На том (первом) повествовательном уровне, который мы условно означили как “ностальгический”, из множества осколочных припоминаний постепенно формируется мифологизированный образ России – страны гармоничного, детского рая. Он сплетается из мелких чувственных деталей: “мелкого снега – в морозном и единственном в мире воздухе моей родины”; “дождливых вечеров в России”; “легкого ветра российского незабываемого апреля” и устойчивой стабильности старого дома; “русских жалобных романсов” и еще многих других. Все вместе эти заметы памяти создают музыкальную основу произведения – ту самую его “парижскую ноту”, которая объединяла в ту пору творческую элиту русского Парижа: “непобедимая печаль”, не отпускавшая героя и вскользь названная им “славянской”, растворяется в ходе повествования в “непоправимой печали” всей русской эмиграции, растекшейся по многим странам Европы.

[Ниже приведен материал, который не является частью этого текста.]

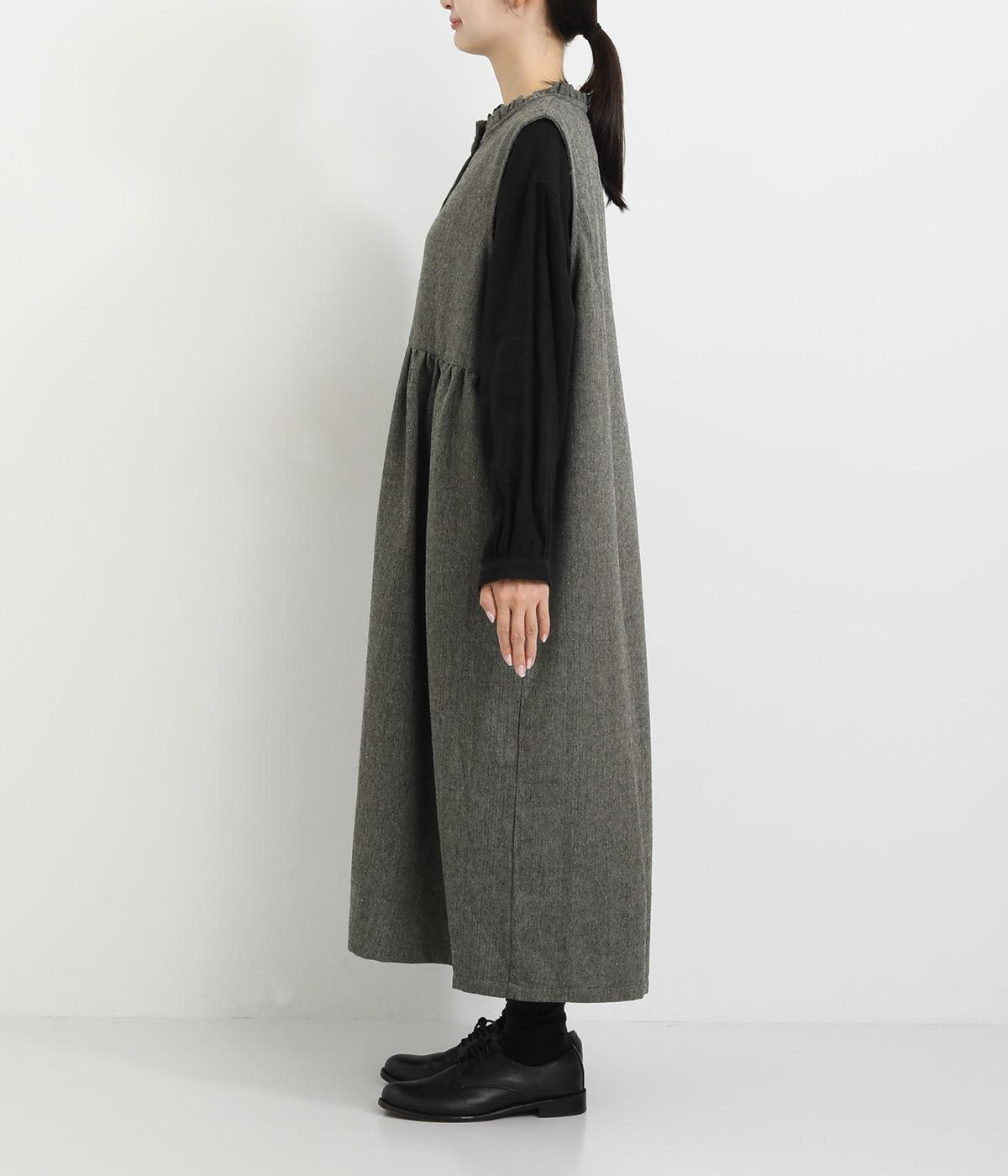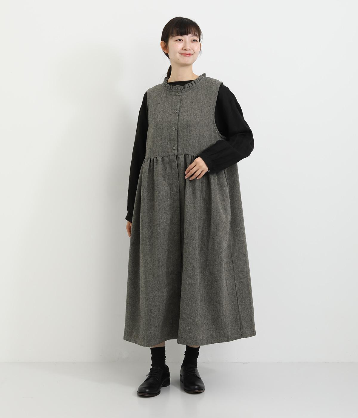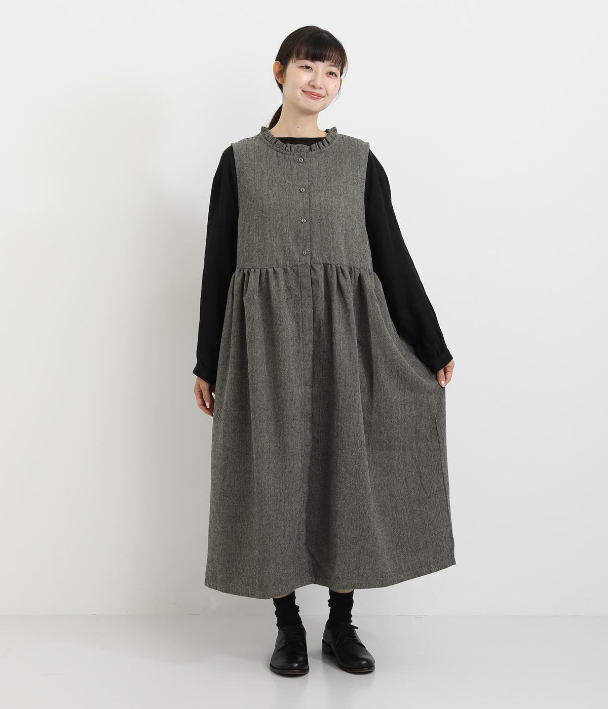 襟にあしらったフリルがかわいらしい印象のノースリーブワンピース。さりげないフリルで甘すぎない上品な雰囲気に仕上がりました。ウエストから下は比翼仕立てでギャザーをほどこし、きれいな落ち感を生みます。シンプルながら存在感のある一枚です。

Раз в несколько лет на фоне “каменного пейзажа” эта лирическая волна вместе с воспоминаниями о “весеннем очаровании России” приносит герою особое, легкое дыхание, и тогда он размышляет о предмете, мимо которого не прошел ни один писатель-эмигрант: о русской (славянской) душе с ее “искренним надрывом” и “бескорыстной печалью” – основами той творческой культуры, которой нет “здесь на западе”. В романе Газданова эта тема идет двумя параллельными потоками. 1) Он сопоставляет русскую творческую ментальность со здравомыслием европейцев вообще и французов в частности. Разница, – размышляет герой-повествователь, – состоит в том, что русские живут в “бесформенном и хаотичном”, наполовину придуманном мире, а французы – в действительном, но имеющем “мертвенную и трагическую неподвижность, неподвижность умирания или смерти”. И в “бесформенном” существовании россиян повинна отнюдь не сиюминутная вынужденная деклассированность, но “чисто славянская готовность (…) в любой час своего существования (…) всё начать снова”. Такая “варварская свобода мышления” любому европейцу представляется “оскорбительной”. В свете этих размышлений автор “Ночных дорог” расценивает устойчивый эмигрантский миф о разрушенном большевиками “слаженном оркестре” (И. Шмелев) стабильной русской предвоенной жизни как бескорыстную, но несомненную выдумку: “(…) любовь мечтателей к прошлому, к прежней прекрасной жизни в прежней прекрасной России тоже была обязана своим возникновением вольному движению фантазии, так как то, что они описывали с бескорыстным и искренним умилением, существовало, чаще всего, только в их воображении” (617).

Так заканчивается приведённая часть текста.